Jacob Crews was announced to be part of the team on July 21. However, only a week before the beginning of pre-season he left the team due to personal reasons.

| No. | Pos. | Nat. | Name | Age | Moving from |  | Ends | Date | Source |
|---|---|---|---|---|---|---|---|---|---|
| 0 | SG | United States | Bryan Antoine | 26 | Den Helder Suns | Netherlands | 2027 | 24 juni 2026 |  |
| 1 | PF/C | United States | Dola Adebayo | 23 | George Mason University | United States | 2027 | 2 August 2026 |  |
| 2 | PG | United States | Kevon Godwin | 23 | Arantia Larochette | Luxembourg | 2027 | 24 July 2026 |  |
| 4 | C | United States | Jalen DeLoach | 24 | KK Zivinice | Bosnia and Herzegovina | 2027 | 21 July 2026 |  |
| 5 | G | Netherlands | Siem Uijtendaal | 25 | Den Helder Suns | Netherlands | 2027 | 4 July 2026 |  |
| 6 | G | Netherlands | Oshean Brathwaite | 24 | Limburg United | Belgium | 2028 | 12 July 2026 |  |
| 7 | PF | Netherlands | Brandon Bergsma | 22 | ZZ Leiden | Netherlands | 2027 | 26 July 2026 |  |
| 15 | G/F | United States | Michael McCalister | 23 | Holdbæk Stenhus | Denmark | 2027 | 4 August 2026 |  |
| 23 | F | Georgia (country) | Aleksandre Merkviladze | 24 | Filou Oostende | Belgium | 2027 | 24 August 2026 |  |

===Out===

| No. | Pos. | Nat. | Name | Age | Moving to |  | Type | Date | Source |
|---|---|---|---|---|---|---|---|---|---|
| 33 | C | United States | Damian Forrest | 25 | BC Kalev | Estonia | End of contract | 31 July 2026 |  |
| 1 | PG | United States | Austin Luke | 31 | Dziki Warsaw | Poland | End of contract | 4 August 2026 |  |
| 21 | G | Netherlands | Tim Hoeve | 28 | Basket Corato | Italy | End of contract | 6 August 2026 |  |
| 32 | F | Netherlands | Kjeld Zuidema | 25 | ZZ Leiden | Netherlands | End of contract | 16 July 2026 |  |
| 2 | P/C | United States | Carlton Linguard Jr. | 25 | Hong Kong Eastern | Hong Kong | End of contract | 8 September 2026 |  |
| 22 | PF | Netherlands | Wietze Nossek | 28 | – |  | End of contract |  |  |
| 4 | G | United States | Malik Miller | 26 | – |  | End of contract |  |  |
| 5 | SF | United States | Evan Taylor | 25 | – |  | End of contract |  |  |
| 13 | F | Switzerland | Kilian Martin | 28 | – |  | End of contract |  |  |

==Preseason==
Further games were played behind closed doors with no result being publicized.

==Dutch Supercup==

Donar qualified for the Dutch Supercup after winning the Dutch Basketball Cup the previous season. The supercup was lost to Landstede Hammers, the previous year Dutch champion, by 70-62. In the final, Merkviladze couldn't participate since he had not received his working permit yet.

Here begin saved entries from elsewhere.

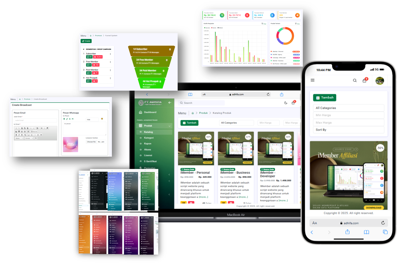 Laporan penjualan, komisi, dan aktivitas member/affiliate langsung terlihat di dashboard, sehingga pengambilan keputusan lebih cepat dan tepat.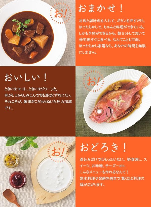 | 材料を入れるだけで簡単に調理ができる自動調理機能付きの圧力IHなべです。「予約調理」、「保温」もできるからとっても便利♪素材の栄養を丸ごと食べられる「無水料理」も可能です。付属のレシピブックには150以上のレシピを掲載♪ |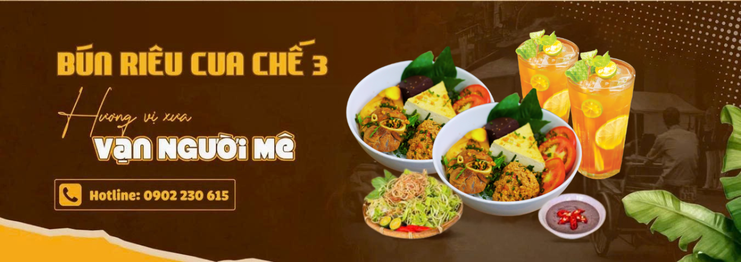 Chào mừng bạn đến với Bún Riêu Cua Chế 3 – nơi lưu giữ hương vị truyền thống của món ăn dân dã, đậm đà bản sắc Việt! Tại Chế 3, chúng tôi tự hào mang đến cho thực khách tô bún riêu cua đúng chuẩn vị: ngọt thanh từ nước dùng ninh từ cua đồng tươi, béo ngậy từ riêu cua thơm lừng, hòa quyện cùng đậu hũ chiên vàng, chả thơm, giò dai và các loại rau sống tươi ngon, sạch sẽ.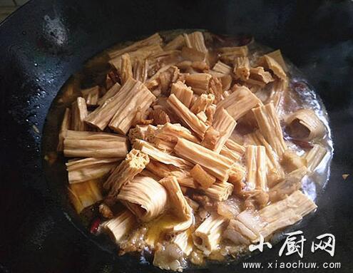 5.倒入腐竹,然后加入适量的老抽翻炒均匀,上色。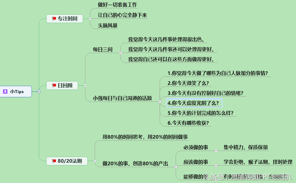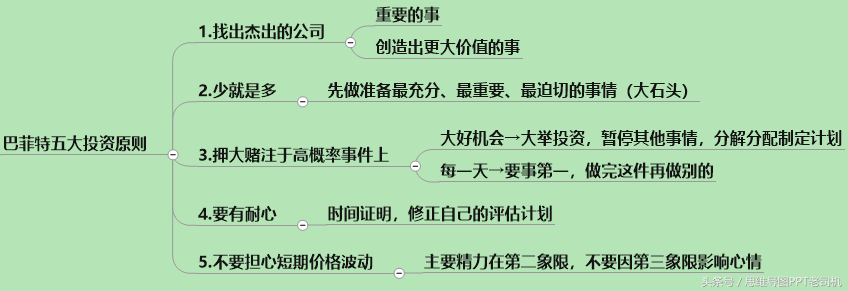 - 押大赌注于高概率事件上:大好机会→大举投资,暂停其他事情,分解分配制定计划;每一天→要事第一,做完这件再做别的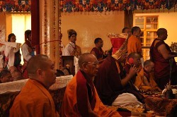 | His Holiness the Dalai Lama attends the long-life offering ceremony at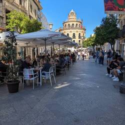 We opted out of visiting the cathedral as the line ups for entry were very long. Maybe another time. Maybe…We have seen a lot of churches! One interesting fact though… there were columns and chains around the cathedral. Why? If a person from Seville was running from the law, they just had to cross these chains to find sanctuary. A border between the secular and Catholic worlds centuries ago.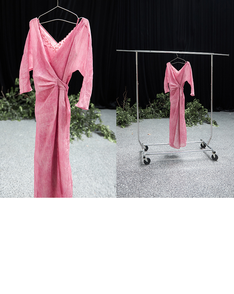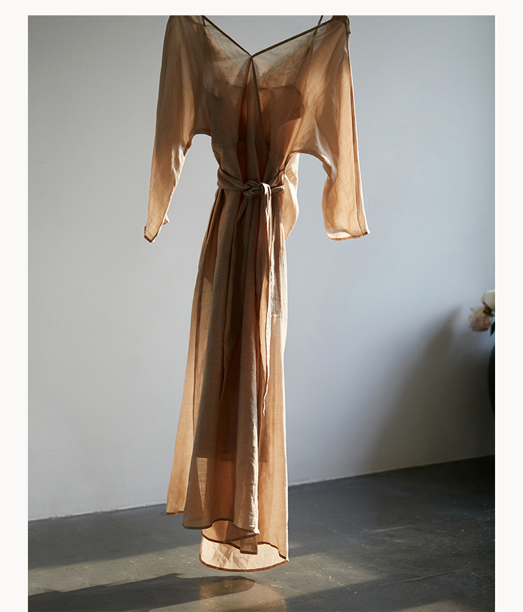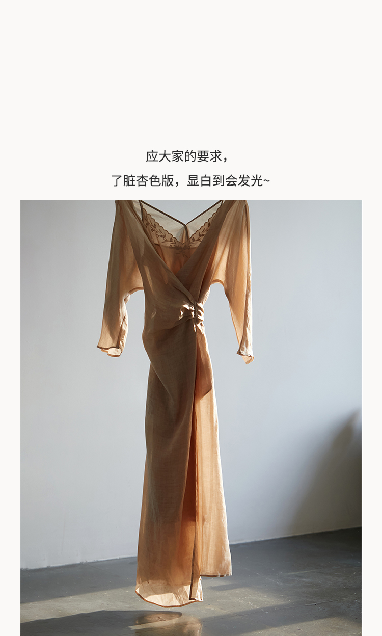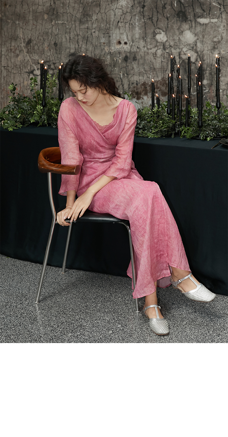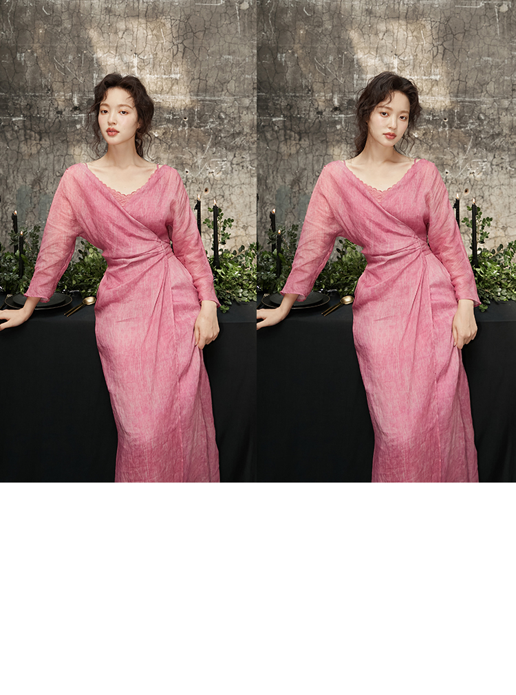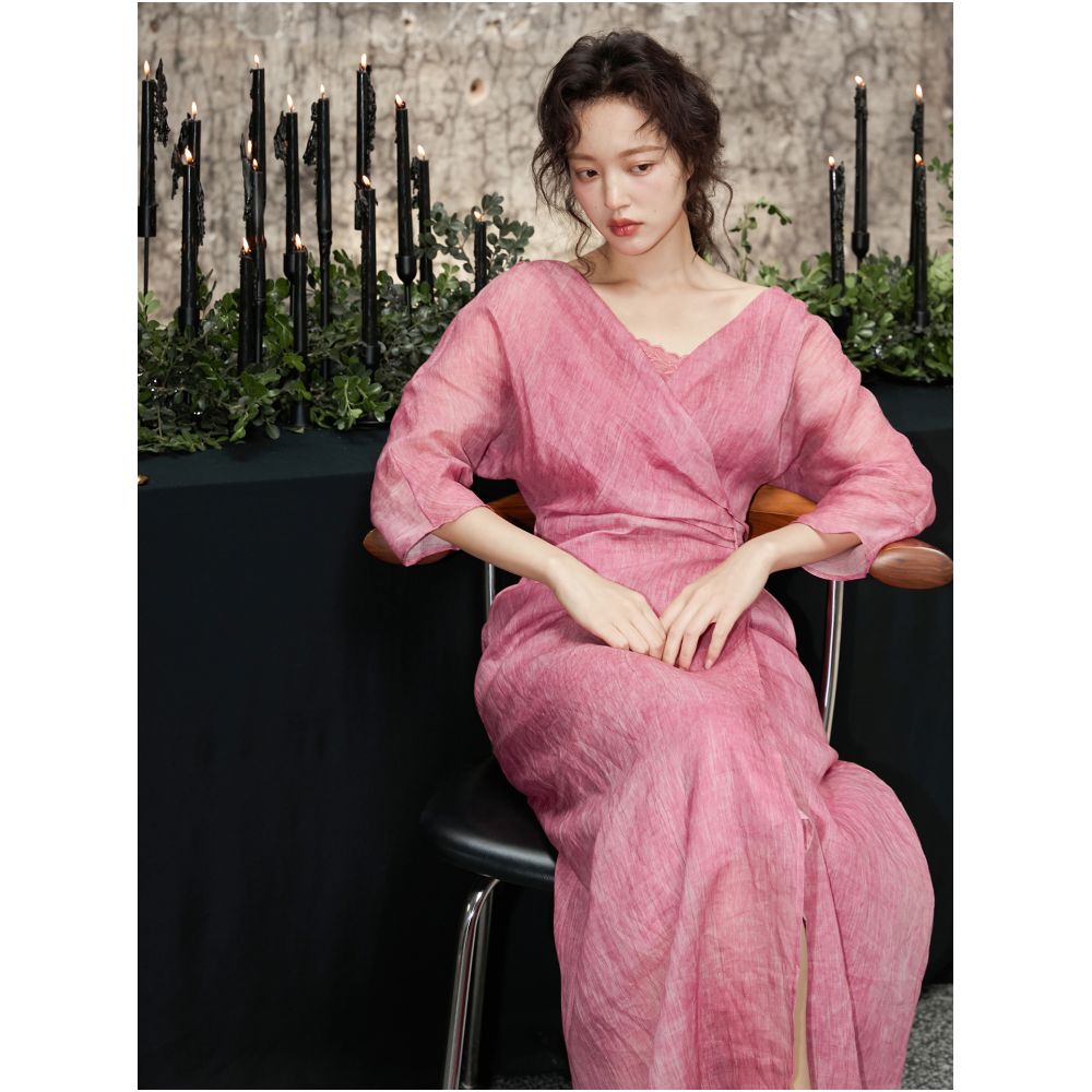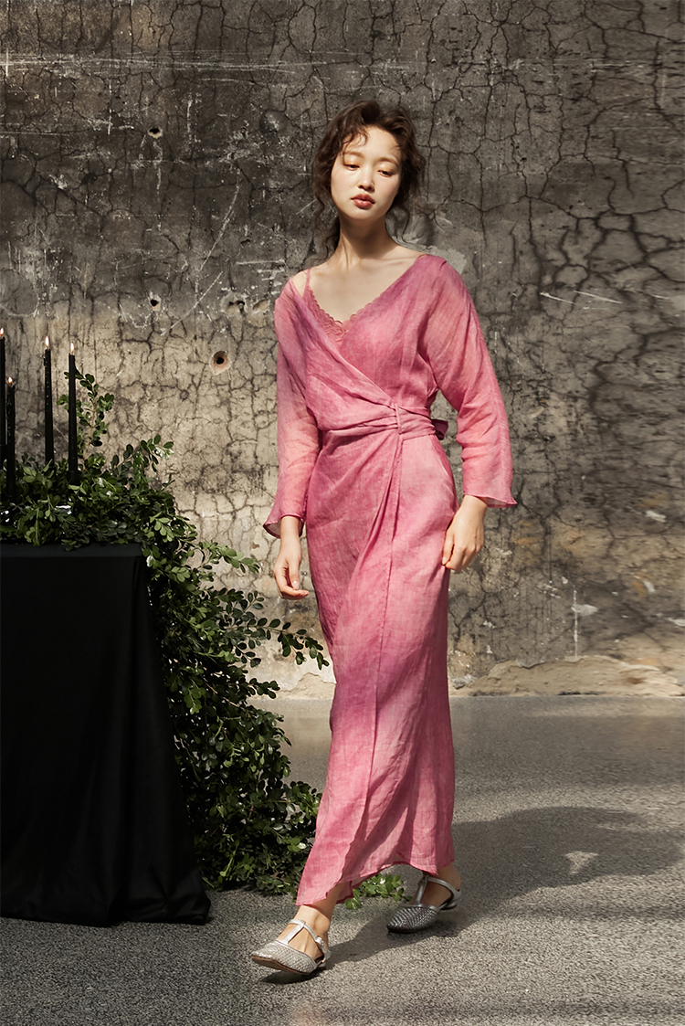 Asaya2156 : Wrap-style tie design dress with V neck collar

==European North Basketball League==

===Regular season===
Like the previous two years, Donar participated in the European North Basketball League. Due to last years cup championship, the club qualified for the FIBA Europe Cup but still enrolled for the ENBL due to the flexibility in playing schedule the ENBL allows and their problems with their playing venue Martiniplaza.

Donar was placed into group B.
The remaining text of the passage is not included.